WHAT YOU ARE ASKED TO DO:
An exact copy of all the data below is needed, without its pictures.

DATASET SECTION:
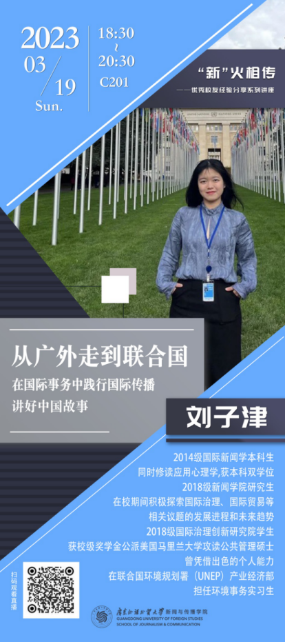 【1】刘子津,新闻学(国际新闻)专业本科2014级,研究生2018级,获校级奖学金公派美国马里兰大学攻读公共管理硕士,后到联合国环境规划署实习。
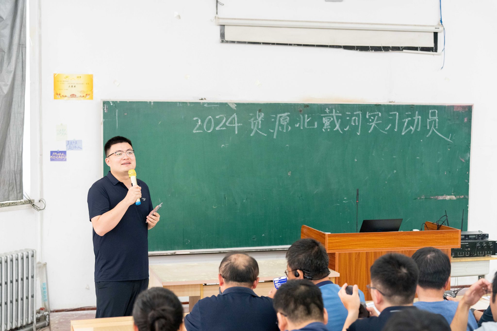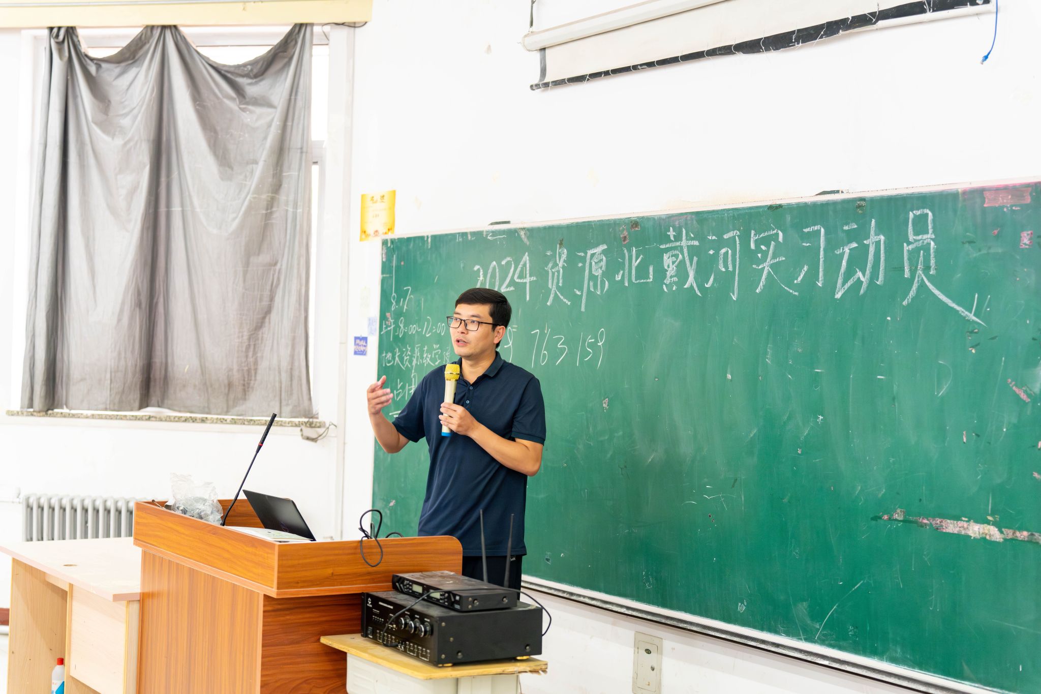 集中动员结束后,学院在107教室举行集中教学。董田老师介绍8条野外路线的教学任务、注意事项和课程考核方式,再次强调安全是实习教学管理的重中之重。
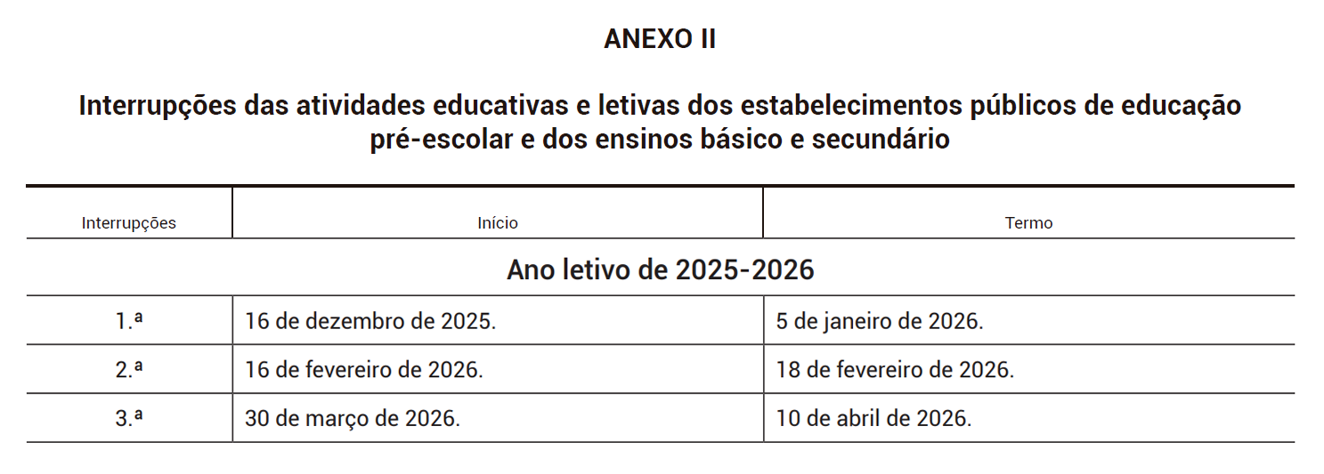 Data de Término do 1.º Semestre: 28 de janeiro de 2026
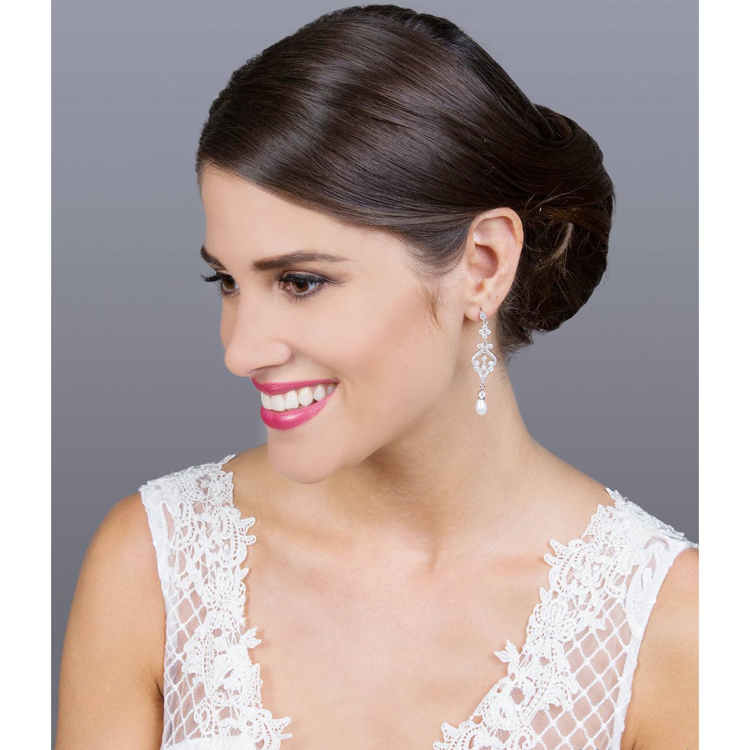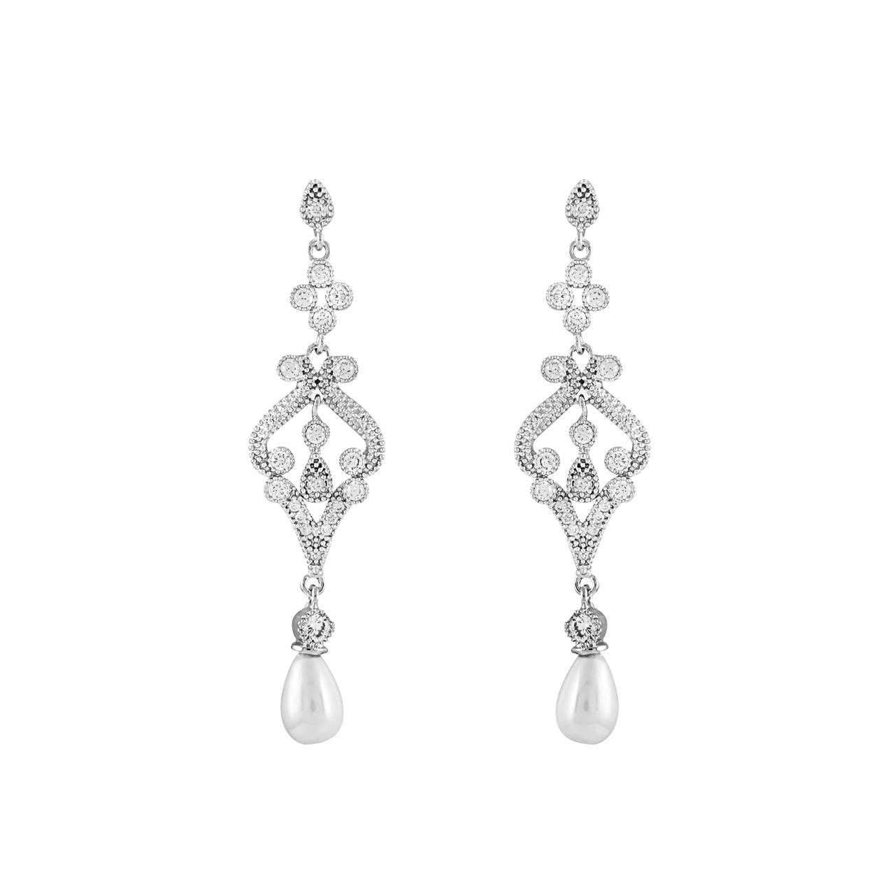 Νυφικά σκουλαρίκια Gloria Hope ασημί με λευκό ζιργκόν. Το ιδανικό αξεσουάρ για τη νύφη.

RESPONSE FOR THIS EXERCISE:
 【1】刘子津,新闻学(国际新闻)专业本科2014级,研究生2018级,获校级奖学金公派美国马里兰大学攻读公共管理硕士,后到联合国环境规划署实习。
 集中动员结束后,学院在107教室举行集中教学。董田老师介绍8条野外路线的教学任务、注意事项和课程考核方式,再次强调安全是实习教学管理的重中之重。
 Data de Término do 1.º Semestre: 28 de janeiro de 2026
 Νυφικά σκουλαρίκια Gloria Hope ασημί με λευκό ζιργκόν. Το ιδανικό αξεσουάρ για τη νύφη.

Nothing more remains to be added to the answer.